■ Task details
Beneath this line are the data; copy exactly the part of them that opens with the line containing "The TCAS panel" and closes with the line containing "In dieser Woche", and only that part.

───── Supplied information ─────

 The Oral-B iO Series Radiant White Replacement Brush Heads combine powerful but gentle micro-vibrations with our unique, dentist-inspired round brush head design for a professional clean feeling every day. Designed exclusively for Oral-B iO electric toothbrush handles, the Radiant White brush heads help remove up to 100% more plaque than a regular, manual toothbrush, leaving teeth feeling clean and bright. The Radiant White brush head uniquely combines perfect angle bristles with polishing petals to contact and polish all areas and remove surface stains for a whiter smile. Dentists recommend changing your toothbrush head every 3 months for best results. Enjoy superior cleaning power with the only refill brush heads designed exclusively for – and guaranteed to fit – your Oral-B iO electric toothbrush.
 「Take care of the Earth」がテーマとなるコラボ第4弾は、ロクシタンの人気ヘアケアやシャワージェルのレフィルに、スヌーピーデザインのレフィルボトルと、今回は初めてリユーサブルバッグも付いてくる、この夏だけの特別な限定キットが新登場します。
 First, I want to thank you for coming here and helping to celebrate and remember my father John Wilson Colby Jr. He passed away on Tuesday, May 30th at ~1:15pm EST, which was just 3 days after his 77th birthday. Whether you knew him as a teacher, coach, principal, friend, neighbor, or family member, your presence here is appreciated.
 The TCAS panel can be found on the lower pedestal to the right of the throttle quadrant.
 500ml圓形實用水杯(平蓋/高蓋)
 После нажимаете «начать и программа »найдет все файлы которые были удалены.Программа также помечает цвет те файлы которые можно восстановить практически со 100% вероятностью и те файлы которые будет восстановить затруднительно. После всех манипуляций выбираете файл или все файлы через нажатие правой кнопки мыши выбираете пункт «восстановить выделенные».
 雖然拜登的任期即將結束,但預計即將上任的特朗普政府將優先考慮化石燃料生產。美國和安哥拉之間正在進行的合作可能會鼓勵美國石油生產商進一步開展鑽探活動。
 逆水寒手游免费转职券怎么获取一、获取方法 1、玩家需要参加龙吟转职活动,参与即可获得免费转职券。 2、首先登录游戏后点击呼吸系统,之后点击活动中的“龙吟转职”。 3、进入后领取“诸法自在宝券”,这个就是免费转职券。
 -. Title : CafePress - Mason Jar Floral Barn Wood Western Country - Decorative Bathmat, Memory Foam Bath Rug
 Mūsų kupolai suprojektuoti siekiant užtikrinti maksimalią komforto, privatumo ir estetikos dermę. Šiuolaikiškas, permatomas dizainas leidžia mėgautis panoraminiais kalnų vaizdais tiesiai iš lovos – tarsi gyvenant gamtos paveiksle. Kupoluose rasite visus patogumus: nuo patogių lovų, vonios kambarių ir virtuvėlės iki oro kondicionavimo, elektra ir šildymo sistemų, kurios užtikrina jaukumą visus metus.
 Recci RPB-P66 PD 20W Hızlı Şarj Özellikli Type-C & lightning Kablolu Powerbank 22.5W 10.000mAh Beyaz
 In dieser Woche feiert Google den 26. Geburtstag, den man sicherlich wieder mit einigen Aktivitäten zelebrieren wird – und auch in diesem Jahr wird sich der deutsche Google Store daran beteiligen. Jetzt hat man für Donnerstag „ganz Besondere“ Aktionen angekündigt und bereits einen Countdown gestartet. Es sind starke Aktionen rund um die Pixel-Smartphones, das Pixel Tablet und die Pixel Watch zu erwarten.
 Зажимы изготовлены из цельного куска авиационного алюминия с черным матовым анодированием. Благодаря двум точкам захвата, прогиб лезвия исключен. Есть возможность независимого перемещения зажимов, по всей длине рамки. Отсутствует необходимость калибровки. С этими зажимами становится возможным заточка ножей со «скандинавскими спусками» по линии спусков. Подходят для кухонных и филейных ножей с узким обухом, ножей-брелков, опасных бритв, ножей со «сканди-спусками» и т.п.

─────

■ Expected answer
 The TCAS panel can be found on the lower pedestal to the right of the throttle quadrant.
 500ml圓形實用水杯(平蓋/高蓋)
 После нажимаете «начать и программа »найдет все файлы которые были удалены.Программа также помечает цвет те файлы которые можно восстановить практически со 100% вероятностью и те файлы которые будет восстановить затруднительно. После всех манипуляций выбираете файл или все файлы через нажатие правой кнопки мыши выбираете пункт «восстановить выделенные».
 雖然拜登的任期即將結束,但預計即將上任的特朗普政府將優先考慮化石燃料生產。美國和安哥拉之間正在進行的合作可能會鼓勵美國石油生產商進一步開展鑽探活動。
 逆水寒手游免费转职券怎么获取一、获取方法 1、玩家需要参加龙吟转职活动,参与即可获得免费转职券。 2、首先登录游戏后点击呼吸系统,之后点击活动中的“龙吟转职”。 3、进入后领取“诸法自在宝券”,这个就是免费转职券。
 -. Title : CafePress - Mason Jar Floral Barn Wood Western Country - Decorative Bathmat, Memory Foam Bath Rug
 Mūsų kupolai suprojektuoti siekiant užtikrinti maksimalią komforto, privatumo ir estetikos dermę. Šiuolaikiškas, permatomas dizainas leidžia mėgautis panoraminiais kalnų vaizdais tiesiai iš lovos – tarsi gyvenant gamtos paveiksle. Kupoluose rasite visus patogumus: nuo patogių lovų, vonios kambarių ir virtuvėlės iki oro kondicionavimo, elektra ir šildymo sistemų, kurios užtikrina jaukumą visus metus.
 Recci RPB-P66 PD 20W Hızlı Şarj Özellikli Type-C & lightning Kablolu Powerbank 22.5W 10.000mAh Beyaz
 In dieser Woche feiert Google den 26. Geburtstag, den man sicherlich wieder mit einigen Aktivitäten zelebrieren wird – und auch in diesem Jahr wird sich der deutsche Google Store daran beteiligen. Jetzt hat man für Donnerstag „ganz Besondere“ Aktionen angekündigt und bereits einen Countdown gestartet. Es sind starke Aktionen rund um die Pixel-Smartphones, das Pixel Tablet und die Pixel Watch zu erwarten.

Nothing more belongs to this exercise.